The term social exclusion was coined in the 1970s following research by French Civil servant, Rene Lenoir, who published The Excluded, which said that as much as 10% of the French population were excluded from mainstream society due to factors like mental illness, poverty and disability (Beland 2007). This definition of a broad category of people who, for a variety of reasons, don’t fit into the social mainstream was picked up by New Labour, which created a Social Exclusion Unit when it came to power in 1997. It was based on the idea that

‘Social exclusion is about more than income poverty. It is… what can happen when people or areas face a combination of linked problems such as unemployment, discrimination, poor skills, low incomes, poor housing, high crime, bad health and family breakdown’ (ODPM, 2004, p. 3).

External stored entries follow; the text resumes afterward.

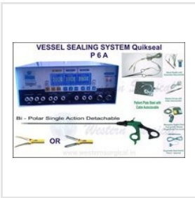
VESSEL SEALING SYSTEM Quikseal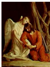
Month of the Passion of Our Lord

===== Celebration – Black History Month Program Sunday, February 24, 2019 following the 11:30 Mass In St. Dominic Parish Hall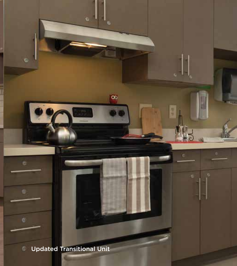
Updated Transitional Unit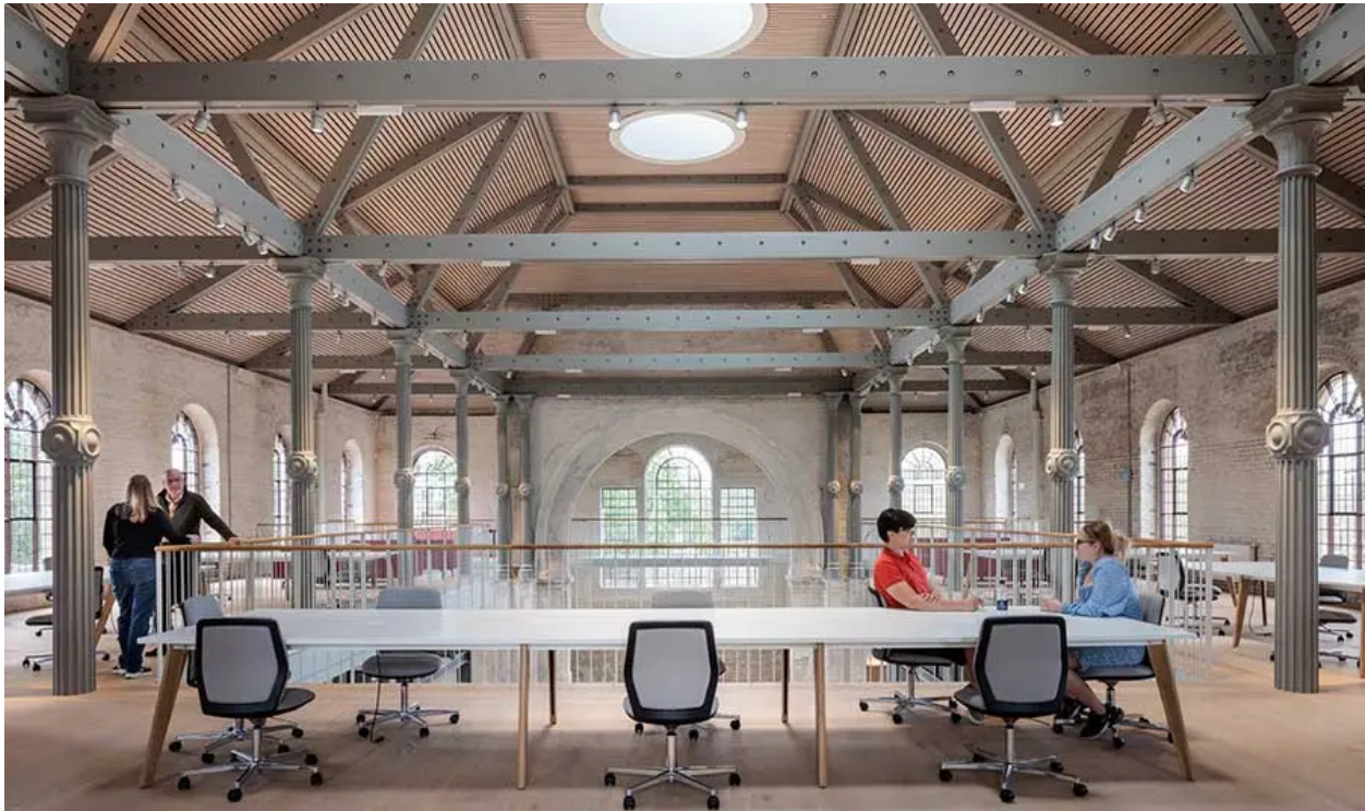
The new co-working space at Sheerness Dockyard Church.

asset at the heart of the community. Its successful revitalisation as a mixed-use public space for events, meetings and co-working has proved that investment in neglected heritage can have major economic as well as cultural and social benefits.”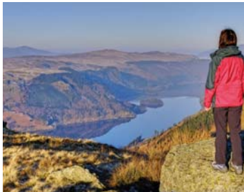
The Lake District is one of the two National Parks that will be expanded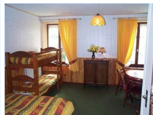
Sleeps - bed(s)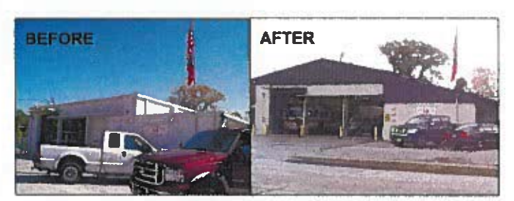
City of Houston Fire Station 38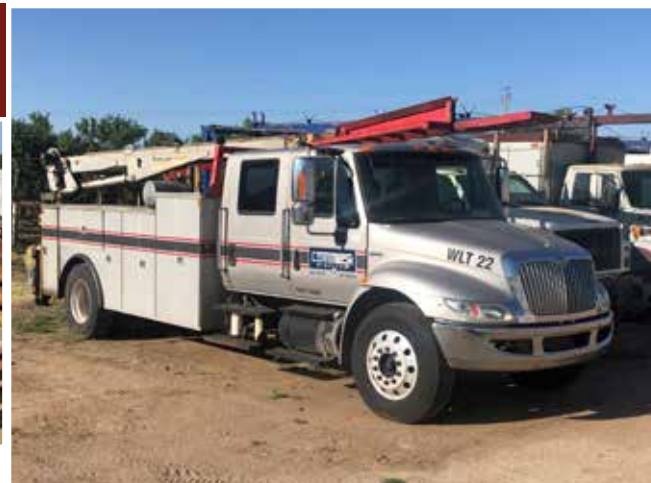
International Service Truck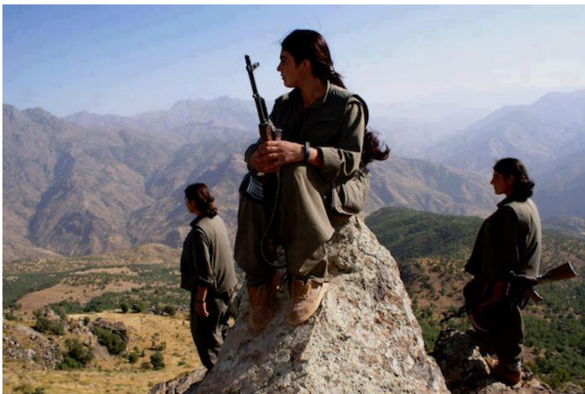
Kurdish Freedom Fighters, 2008

New labour used many terms throughout their time, stakeholder society, communitarianism, third way and social exclusion. (Hindmoor, 2005). They can be accused of only selecting terms that would win elections (Stoker, 2004). The Labour government blamed three main causes for social exclusion: the dislocation caused by the breakdown of industry in Britain in the 1980s, the Conservative indifference to the social consequences of these economic changes and the failure of the welfare system to effectively address the needs of those who were affected by the downfall of coal, steel and other heavy industries (Davies, 2007).

Storrey and Childs have commented on the political agenda of the early 1990s, whereby ‘arguments came to a head over Britain’s high proportion of single-parent families when a government minister claimed that an over-generous state benefit system was encouraging young, single mothers to ‘marry the state’ and embark on a ‘benefit career’.’ (Storrey & Childs, 2002, p.126. These arguments were soon rebutted by organisations such as the Association of Single Parents, but it highlighted the way that discussions on social exclusion and poverty can be seen from a purely political perspective. Of the three models of social discourse to be discussed later, the MUD discourse is seen as largely right wing, while the other two are more centrist or to the left. One recent government minister has emphasised the SID view, claiming that ‘Work is the only way out of poverty… the benefit system will never pay of itself (enough to lift people out of poverty) and I don’t think it should’ (Alcock et al., 2008, p.335)

‘Social exclusion is seen in the growth of homelessness or urban slums, the declining hopes of the long-term unemployed, the lack of access to jobs and incomes of migrants and some ethnic minorities, the increasingly precarious nature of jobs on offer to new labour market entrants’. (Rodgers 1995:43)

Ruth Levitas, in her 1998 book, The Inclusive Society: Social Exclusion and New Labour, suggested three models of discourse in terms of how we look at the issue of social exclusion, and how those models are applied in politics in particular to economic and social policy, as well as sociological discourse in general. (Levitas, 1998)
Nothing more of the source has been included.